‘Toy Hunter’ and ‘Antiques Roadshow’ Expert Collector Travis Landry Shares His Knowledge at ComiCONN Panel

by Nick Banks

Cosplaying, celebrity guests, and panels often get all of the press when it comes to the modern comic convention, but the primary reason cons were created in the first place was so fans could buy comics and collectibles.

Today’s collector has a lot of options when it comes to buying and selling, and it is always good to enter the marketplace with some helpful insight.  Fans who attended Connecticut’s ComiConn at Foxwoods Resort and Casino were able to gain some insight from former Toy Hunter and current Antiques Roadshow expert Travis Landry during his panel appearance.

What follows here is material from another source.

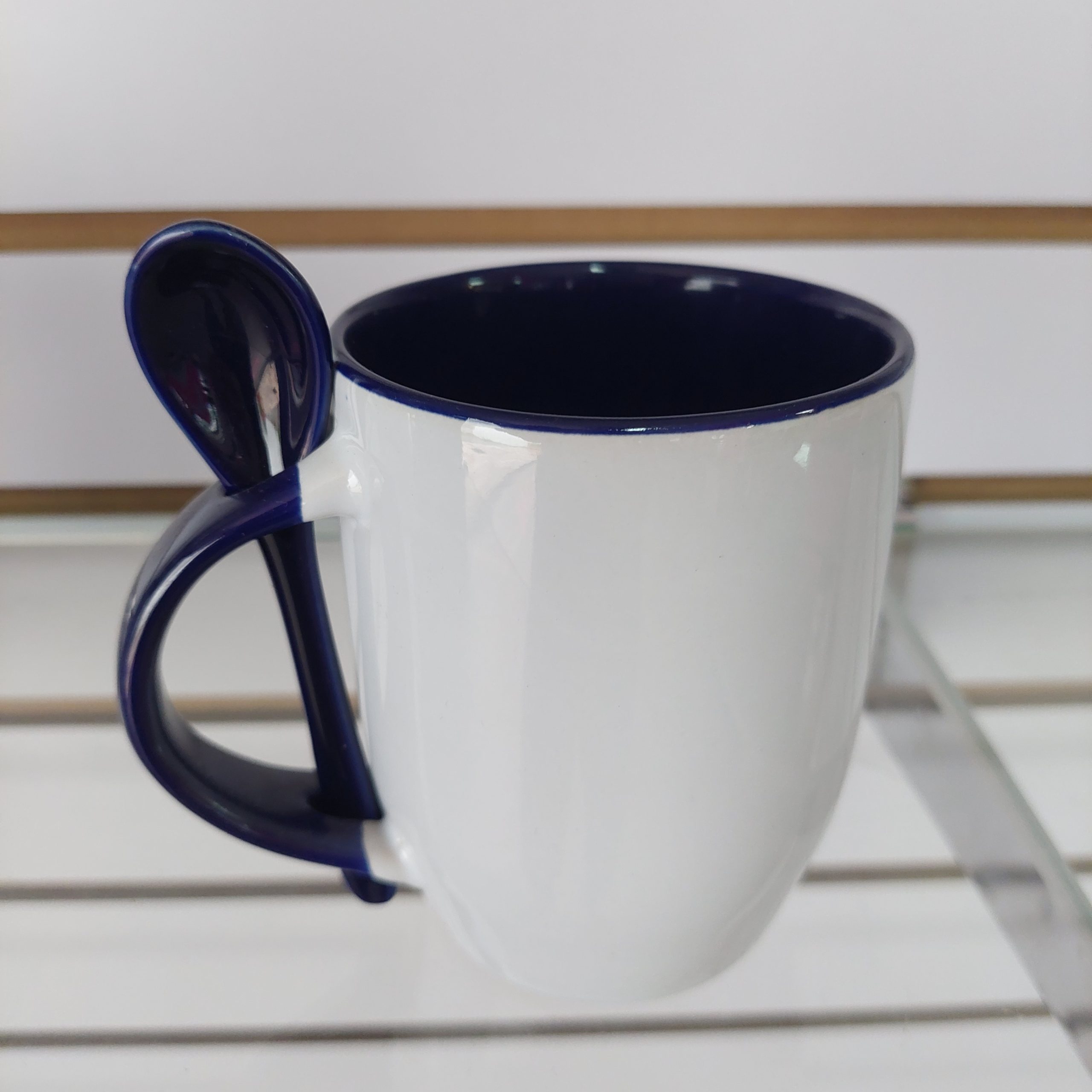 Taza de cerámica de 11 oz en azul con interior blanco, acompañada de una cuchara a juego.

Landry stressed that the collectibles games is one that grows on a yearly basis as “New comic and toy collectors are being born everyday.”  The current climate is at a fever pitch due to the Marvel Cinematic Universe and the search for the next heroes in line for a big screen debut.  Landry talked about how Deadpool’s first appearance (in New Mutants #98) was once a “bargain bin” comic before the character’s film was announced.  He also cited the recent upsurge in value for the Wasp’s first appearance (in Tales to Astonish #44) due to the upcoming Ant-man and the Wasp film (which debuts this weekend at your local theater).

Of course, the biggest key to any collectible’s value is condition, and Landry is a proponent of “slabbing” comics and magazines through official grading companies such as CGC and CBCS.  With this official grade, a comic or magazine can fetch a seller 5 to 10 times the value of an ungraded comic.

When it comes to toys,  while the resale value of vintage Transformers has slipped (due in large part to the cinematic stylings of Michael Bay) Landry stated that the Japanese toy robot market is booming.  While a loose Optimus Prime figure from the 1980s can get you about $30, a Diaclone version from Japan can net you close to $3000.  Landry also mentioned that the Shogun Warriors line from the 1970s is also picking up steam with collectors, again, particularly the Japanese versions.  While the American release consisted of five giant robots, the Japanese produced 123 giant robot figures, forcing eager fans onto ebay and convention show floors looking for new additions to their collections.

As far as horror collectibles, the Universal Monsters are still king.  Vintage posters of films such as Phantom of the Opera or Dracula command tens of thousands of dollars at auction and the original Aurora models (released in 1961) of the monsters are still highly sought after by collectors (even though there have been many reissues since).

Landry doesn’t see the collectibles market cooling anytime soon since “fans buy what they know”.  While Star Wars and Transformers toys have slipped a bit in recent years, with nostalgia for the toys and comics of one’s youth and comic and toy characters crossing over to movies and television on an almost daily basis, keep saving (and buying) vintage collectibles.